# Exercise instructions
Reproduce all the records word for word. Omit images.

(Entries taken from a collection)
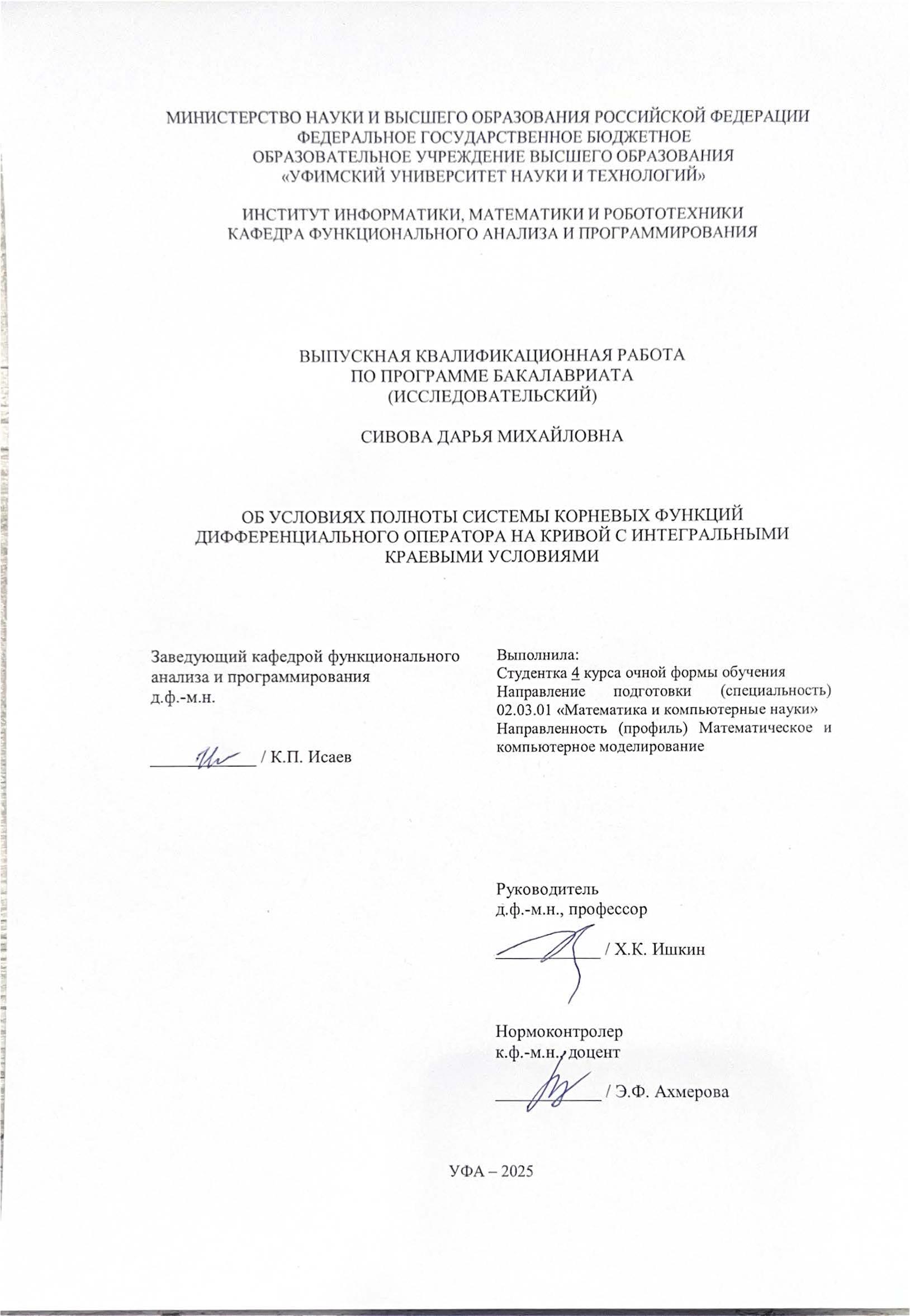 Organization: Уфимский университет науки и технологий (УУНиТ). Институт информатики, математики и робототехники. Кафедра функционального анализа и программирования
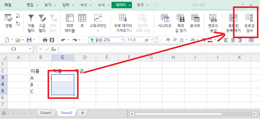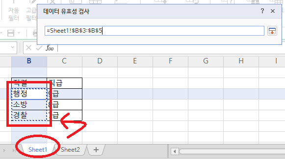특정 영역에서 드롭다운 목록을 끌어오는 방법도 있다. 일단 드롭다운 목록용 시트를 만들고 여기에 목록에 들어갈 데이터를 입력한다. 그 다음 본문 시트를 만든 뒤 마찬가지로 드롭다운목록을 적용할 셀을 선택하고 유효성검사를 클릭한다.
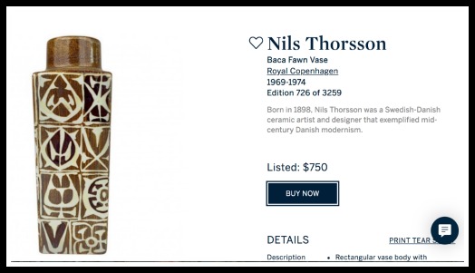 Turns out it’s by Nils Thorsson. I found a similar one for sale on Sotheby’s for $750! What?! Is that realistic??
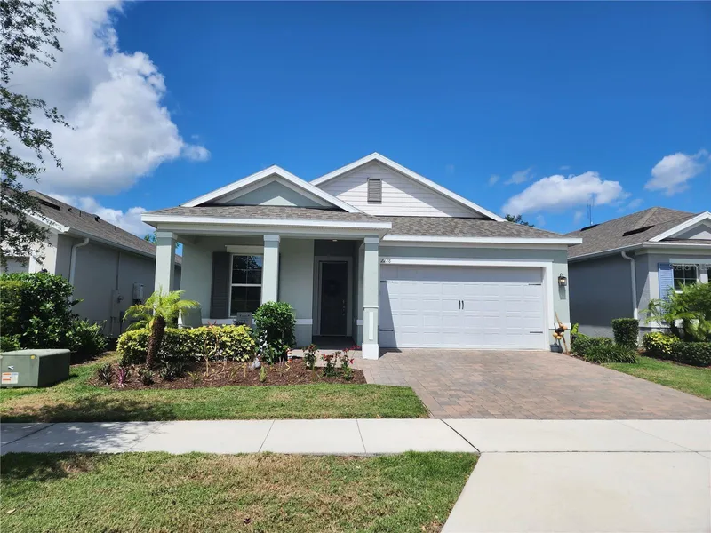 Four Seasons gated community is located just few miles from Disney's Animal Kingdom, Hollywood Studios, Epcot, Magic Kingdom, Margaritaville Sunset Walk, shopping and dining, Celebration & many more with easy access to major highways & entertainment. Spacious open floor plan, perfect for entertaining and spending time together. Professionally landscaped and has ramp style pavers to the front door for wheelchair access. Covered front porch is an additional feature carefully chosen by the owners when building. High ceilings and open floor plan make it an exhilarating factor as soon as you enter through the front door from the sit-front porch. This exceptional home is in a 55+ active lifestyle community and is complete with 3 bedrooms and 2 bathrooms, and 2 full baths. It has a fully equipped gourmet kitchen with stainless steel gas range top, range hood, refrigerator, dishwasher, 42" staggered cabinets with upgraded glass door on one. Ceramic/Tile Flooring throughout the house all throughout without any seams, quartz counter tops or granite countertops in kitchen and baths, transom windows, and much more! Love to cook? The kitchen has a lovely center island with an adjacent dining area to prepare and serve your amazing meals. The owner's suite features a nice sized bedroom with large windows with plenty of natural light, and main suite bath with his & hers sinks, walk-in shower with a built-in bench. The shower here has upgraded tile and no steps down, it is a roll in shower. Meet quality construction at this HERS Certified home, high efficiency A/C system, low E double pane windows, recessed canned lighting in the kitchen, gas tankless water heater and more, a detailed list is available. This floor plan has an extended living room and extended screened-in patio in the back. Patio flooring has been raised for easy wheelchair access in and out. Golf views & Florida sunsets from your swing! Meet new friends at the center - Calypso Cottage Clubhouse which is a 12 thousand sq ft with resort style pool and spa, activity director and daily planned calendar, poolside cabana, fitness studio, crafters room, pickleball courts, tennis courts, bocce courts, lawn for events, walking and biking trails. Schedule your private showing and visit with us today, owner is offering a full year of paid Hoa! Nodal view & video is available.
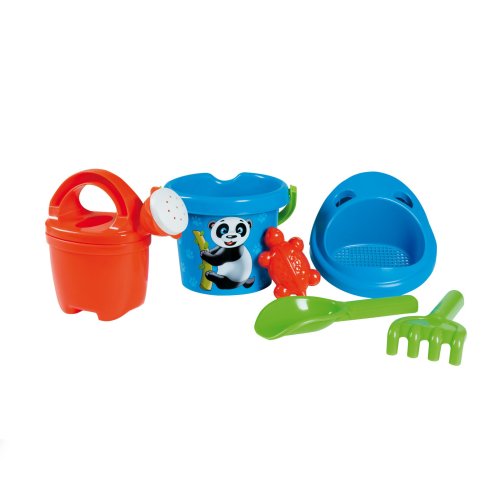 6dílná sada na písek, vyrobená z kvalitních plastů v Itálii. Obsahuje: Kyblík průměr 13 cm, výška 11 cm, konvičku 0,5 l, sítko, lopatku, hrabičky a tvořítko ve tvaru želvičky. Sada: výška 23 cm, váha 0,36 kg. Doporučený věk od 10 měsíců.
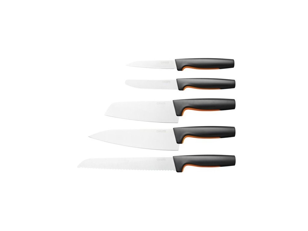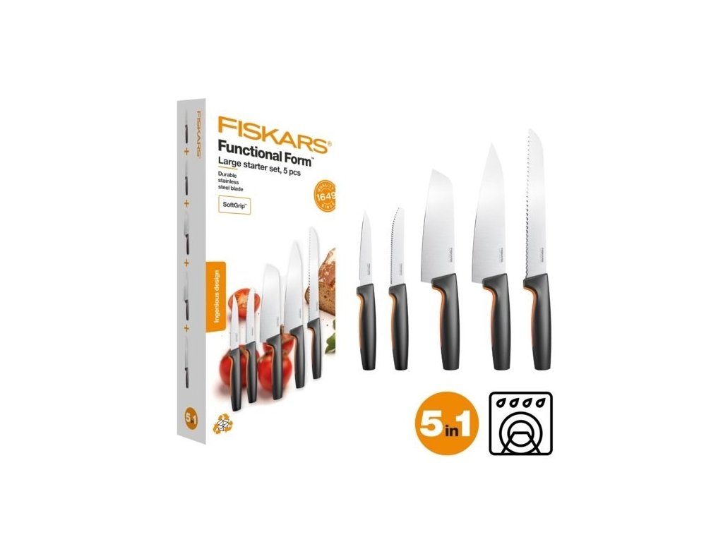Vysoce kvalitní japonská nerezová ocel zajištuje skvělou ostrost a korozivzdornost. Zesílená čepel pro dobré vyvážení nože a jeho pevnost. Dodatečně leštěné ostři zvyšuje výkon čepele. Lze umývat v myčce na nádobí. Bezpečné a neklouzavé uchopení díky materiálu Softouch™Hluboké zahloubení rukojeti zvyšuje ochranu prstu Ergonomicky tvarovaná rukojeť umožnuje různé způsoby uchopení Set obsahuje 1057542 - Okrajovací nůž 11cm 1057536 - Santoku nůž 17cm 1057543 - Snídaňový nůž 12cm 1057534 - Velký kuchařský nůž 21cm 1057538 - Nůž na pečivo 21cmDoplňkové parametry
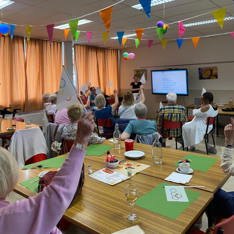 Tijdens deze activiteit werd teruggeblikt naar alle thema’s waar het afgelopen jaar activiteiten rond georganiseerd hebben: gezonde voeding, migratie, dementie, eenzaamheid en participatie. Er was een workshop rond gezonde voeding met de voedingsdriehoek, dialoogtafels over dementie, migratie en eenzaamheid en participatie-tafel waar men zijn stem kon laten horen over de noden en behoeften van ouderen in Brussel.
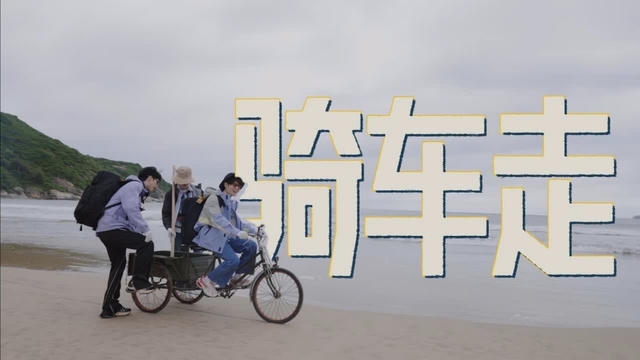 张真源骑车,严浩翔和宋亚轩坐在上面,温絮边走边看他们
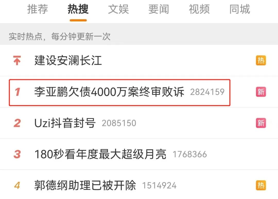 据红星新闻14日报道,7月6日,北京市第三中级人民法院对李亚鹏“欠债4000万元”一案做出终审判决,法院判决,驳回李亚鹏及其哥哥李亚炜的上诉,维持原判。
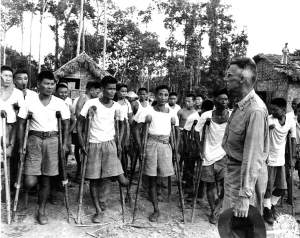 1944年7月15日在沿中印公路某处的康复营地里,史迪威将军脱帽对着一群中国退伍军人讲话■资料图片

# Written answer
 Organization: Уфимский университет науки и технологий (УУНиТ). Институт информатики, математики и робототехники. Кафедра функционального анализа и программирования
특정 영역에서 드롭다운 목록을 끌어오는 방법도 있다. 일단 드롭다운 목록용 시트를 만들고 여기에 목록에 들어갈 데이터를 입력한다. 그 다음 본문 시트를 만든 뒤 마찬가지로 드롭다운목록을 적용할 셀을 선택하고 유효성검사를 클릭한다.
 Turns out it’s by Nils Thorsson. I found a similar one for sale on Sotheby’s for $750! What?! Is that realistic??
 Four Seasons gated community is located just few miles from Disney's Animal Kingdom, Hollywood Studios, Epcot, Magic Kingdom, Margaritaville Sunset Walk, shopping and dining, Celebration & many more with easy access to major highways & entertainment. Spacious open floor plan, perfect for entertaining and spending time together. Professionally landscaped and has ramp style pavers to the front door for wheelchair access. Covered front porch is an additional feature carefully chosen by the owners when building. High ceilings and open floor plan make it an exhilarating factor as soon as you enter through the front door from the sit-front porch. This exceptional home is in a 55+ active lifestyle community and is complete with 3 bedrooms and 2 bathrooms, and 2 full baths. It has a fully equipped gourmet kitchen with stainless steel gas range top, range hood, refrigerator, dishwasher, 42" staggered cabinets with upgraded glass door on one. Ceramic/Tile Flooring throughout the house all throughout without any seams, quartz counter tops or granite countertops in kitchen and baths, transom windows, and much more! Love to cook? The kitchen has a lovely center island with an adjacent dining area to prepare and serve your amazing meals. The owner's suite features a nice sized bedroom with large windows with plenty of natural light, and main suite bath with his & hers sinks, walk-in shower with a built-in bench. The shower here has upgraded tile and no steps down, it is a roll in shower. Meet quality construction at this HERS Certified home, high efficiency A/C system, low E double pane windows, recessed canned lighting in the kitchen, gas tankless water heater and more, a detailed list is available. This floor plan has an extended living room and extended screened-in patio in the back. Patio flooring has been raised for easy wheelchair access in and out. Golf views & Florida sunsets from your swing! Meet new friends at the center - Calypso Cottage Clubhouse which is a 12 thousand sq ft with resort style pool and spa, activity director and daily planned calendar, poolside cabana, fitness studio, crafters room, pickleball courts, tennis courts, bocce courts, lawn for events, walking and biking trails. Schedule your private showing and visit with us today, owner is offering a full year of paid Hoa! Nodal view & video is available.
 6dílná sada na písek, vyrobená z kvalitních plastů v Itálii. Obsahuje: Kyblík průměr 13 cm, výška 11 cm, konvičku 0,5 l, sítko, lopatku, hrabičky a tvořítko ve tvaru želvičky. Sada: výška 23 cm, váha 0,36 kg. Doporučený věk od 10 měsíců.
Vysoce kvalitní japonská nerezová ocel zajištuje skvělou ostrost a korozivzdornost. Zesílená čepel pro dobré vyvážení nože a jeho pevnost. Dodatečně leštěné ostři zvyšuje výkon čepele. Lze umývat v myčce na nádobí. Bezpečné a neklouzavé uchopení díky materiálu Softouch™Hluboké zahloubení rukojeti zvyšuje ochranu prstu Ergonomicky tvarovaná rukojeť umožnuje různé způsoby uchopení Set obsahuje 1057542 - Okrajovací nůž 11cm 1057536 - Santoku nůž 17cm 1057543 - Snídaňový nůž 12cm 1057534 - Velký kuchařský nůž 21cm 1057538 - Nůž na pečivo 21cmDoplňkové parametry
 Tijdens deze activiteit werd teruggeblikt naar alle thema’s waar het afgelopen jaar activiteiten rond georganiseerd hebben: gezonde voeding, migratie, dementie, eenzaamheid en participatie. Er was een workshop rond gezonde voeding met de voedingsdriehoek, dialoogtafels over dementie, migratie en eenzaamheid en participatie-tafel waar men zijn stem kon laten horen over de noden en behoeften van ouderen in Brussel.
 张真源骑车,严浩翔和宋亚轩坐在上面,温絮边走边看他们
 据红星新闻14日报道,7月6日,北京市第三中级人民法院对李亚鹏“欠债4000万元”一案做出终审判决,法院判决,驳回李亚鹏及其哥哥李亚炜的上诉,维持原判。
 1944年7月15日在沿中印公路某处的康复营地里,史迪威将军脱帽对着一群中国退伍军人讲话■资料图片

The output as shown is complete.